Her father returned then, papers in hand, breaking the tension. The rest of the visit passed in a blur of signatures and arrangements, discussions of where they would live, what staff would be required, and when the announcement would appear. Through it all, Rees maintained his frigid courtesy, addressing her only when necessary, his gaze sliding past her as if she were furniture.

When he finally rose to leave, he paused at the door. “We will marry in five days, Lady Victoria. I will provide for you as duty demands and protect you from further scandal. But do not expect more than that. Do not expect affection or warmth or any pretense that this is anything other than what it is—a trap that caught us both.”

The door closed behind him. Victoria stood for a moment, then her knees gave out, and she collapsed onto the settee, sobs tearing from her throat as her mother rushed to hold her, murmuring comfort against hair that smelled of lavender.

***

The leather chair creaked as Rees slumped lower, the amber liquid in his glass glinting in the gaslight, his fourth, or was it fifth? The private corner of White’s he had claimed with Rafe and Alistair was thick with cigar smoke, obscuring the oil paintings of racehorses and past members that lined the walls. Around them, the usual evening crowd engaged in cards and conversation, but Rees heard none of it, his focus on the brandy that burned a path down his throat without quite reaching the cold knot in his chest.

“Sterling,” he muttered, then caught himself, jaw clenching. “Sterling. Of course, it is connected to Sterling.” His hand wavered as he reached for the decanter again, the crystal stopper chiming against the neck like a mocking bell.
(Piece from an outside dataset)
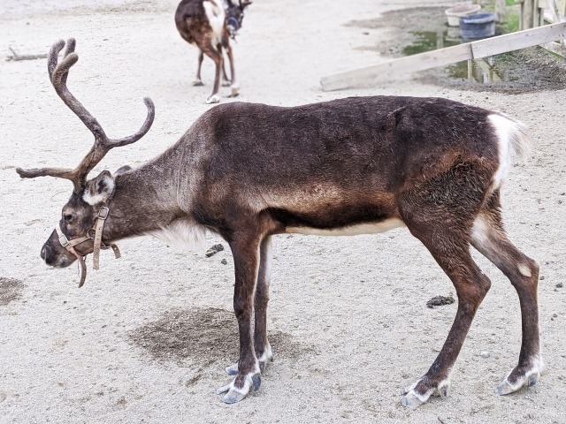 トナカイはシカ科の中でも特に寒冷地での生活に適応した特徴を多く備えています。最大の特徴は、雌雄どちらも角を持つ唯一のシカ科の動物であること。角は季節ごとに生え替わり、群れの中でのコミュニケーションや雪を掘って地面の植物を探す際に役立ちます。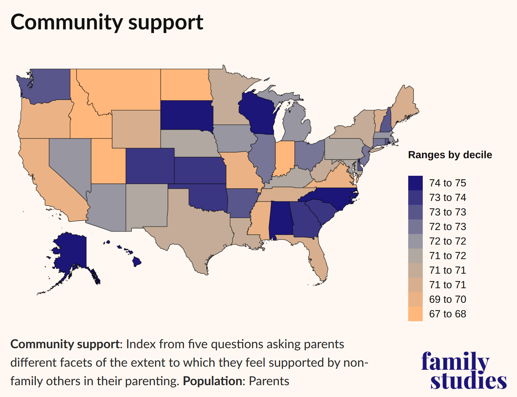 The customary output of IFS surveys and analyses are statistics and graphs of varying complexity. Because this report is concerned with parenting culture and with gauging differences between places, the findings below will be presented, with a few key exceptions, in the forms of scores and maps, though future publications will explore these results in more detail.

Rafe and Alistair exchanged concerned glances. Rafe leaned forward, elbows on his knees, his voice low enough not to carry to the nearby tables. “The whole thing is the talk of every club in London. They are saying her dress was half torn off when the witnesses found them.”

“Torn?” Alistair took a thoughtful pull from his cigar. “That is an interesting detail. It suggests struggle rather than enthusiasm.”

“Or a dramatic touch for her little scene.” Rees’s words slurred at the edges, the excellent brandy finally beginning to blur the sharp edges of his humiliation. “She needed to look properly compromised, did she not? Needed those witnesses to believe she had been thoroughly debauched by the magnificent Lord Sterling.”

“Except Sterling refused to marry her.” Rafe barely contained his anger. “His father laughed in Lord Richmond’s face when he demanded satisfaction. Said his son would never stoop to marry such a desperate creature.”

The words hit Rees like ice water, clearing the alcoholic haze. He straightened slightly, fingers tightening on his glass until the cut crystal pressed painfully into his palm. “The bastard ruined her, and I am cleaning up his mess.”

There it was, spoken aloud—the truth that had been eating at him since he recognized Victoria Richmond behind that veil. Every time he looked at her, he saw Sterling’s handiwork. Every time he touched her—would he even be able to touch her?—he would wonder if she was comparing him to that smirking bastard. London society would whisper about it forever, how Rees Harcourt had been forced to marry Sterling’s leavings, how he had literally paid for another man’s pleasure.

“At least she is beautiful,” Alistair offered, then winced at the look Rees shot him. “I am just saying it could be worse. You could be shackled to someone hideous as well as ruined.”